My kids are relentless when they want something. For a few months they have been begging for us to get a dog. Every time I tell my daughter that I have great news to tell her, she asks “Are we getting a dog?”
They know me so well they even point out how beneficial a dog would be to their wellbeing. They quote studies they find on Google about how having a pet will teach them to be more responsible, take care of others, and even comfort them during stressful times. Then they promise that they will be in charge of walking the dog and even volunteered to pick up poop (but I don’t believe them).

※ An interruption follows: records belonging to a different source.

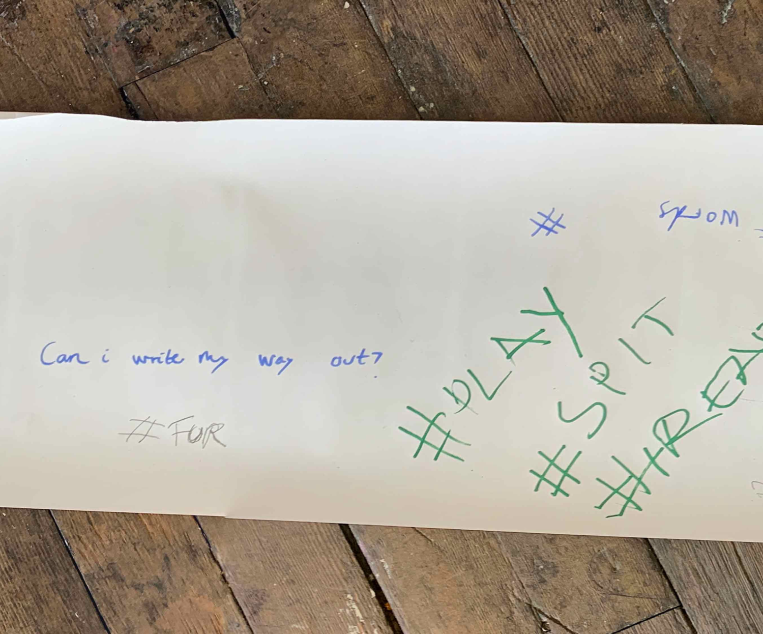 A scrolling panorama of a collaborative URL created during a irl-url workshop given at KABK.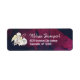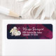Address labels designed with a sweet angel with yellow wings holding a shepherds crook. Sitting with white fluffy lambs. Navy blue and burgundy watercolor background, with tiny flecks of faux gold sparkle glitter (not actual glitter just a printed image).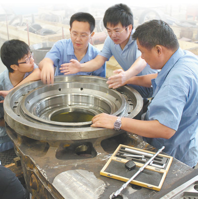 | 研发人员在讨论新产品装配。 中国煤炭科工集团供图 |

My kids haven’t succeeded in convincing me. I totally agree that having a pet is something wonderful and I love dogs. At some point I want my children to experience the joy of having a loyal furry friend. However, I’m also aware that the task of taking care of that new family member would rest on my shoulders. My life is full of responsibilities as it is and I don’t see how I could take care of one more being without losing it. Especially when I have a hard time juggling my job, my family, after-school activities, business travel, and everything else that comes with our hectic lives these days.

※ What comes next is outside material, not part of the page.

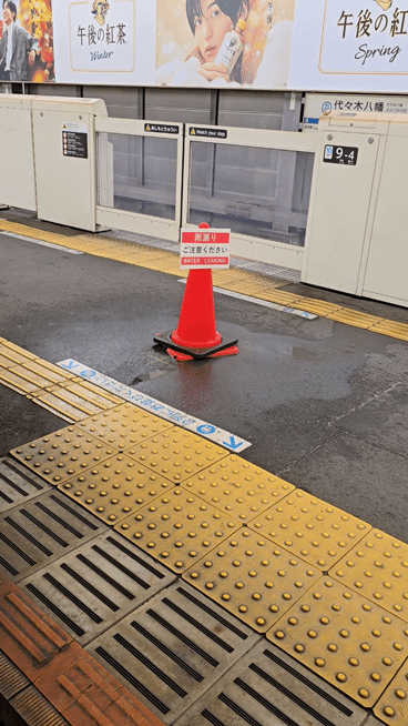 딱 그 자리에 비 떨어진다고.. 역에서 주의하라는 배려?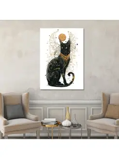 Картина Черная кошка золотые египетские узоры

What’s helped me stand by my decision is the honest experience so many of my friends have shared with me. Even those who have welcomed the responsibility of having a dog with open arms have not sugarcoated at all how much time, energy, and money they dedicate to their pets. Of course for them the pros outweigh the cons and they don’t regret their choice, but they do admit it’s not for everybody. The last thing I want is to cave in to my kids and then realize I simply can’t take care of our dog. Shelters are full of pets that have suffered because their owners changed their minds or couldn’t take care of them anymore. I refuse to abandon a pet due to a poor decision on my part, so I’m standing my ground.
If you are on the fence on whether or not you should get a dog, here are a few questions you should ask yourself:
Are you willing to take on another responsibility?

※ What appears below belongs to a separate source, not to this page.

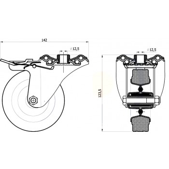 Koło metalowo – gumowe w obudowie z otworem i hamulcem. Wykonane jest ze stalowych elementów tłoczonych. Całość pokryta jest warstwą ocynku, który zabezpiecza przed korozją.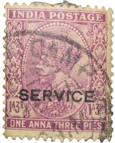 Postal Stamp of George V 1 Anna 3 Pies Pink Colour ‘Service’ Over Printed – Used Condition as per Image.

Having a dog implies feeding, walking, bathing, cleaning, giving it love, plus brings an added expense. Be honest with yourself.
Who will take care of your pet if you’re not around?
If you work outside your home or travel frequently, keep in mind the need to plan for somebody to watch your dog when you’re unable to.
Do the benefits of having a pet outweigh the potential burdens?
Each family is different and only you can know what you are willing to do to bring more joy or comfort to your children.
Answering those questions honestly helped me make peace with my decision. So to answer my daughter’s question, no, we’re not getting a dog. At least for now.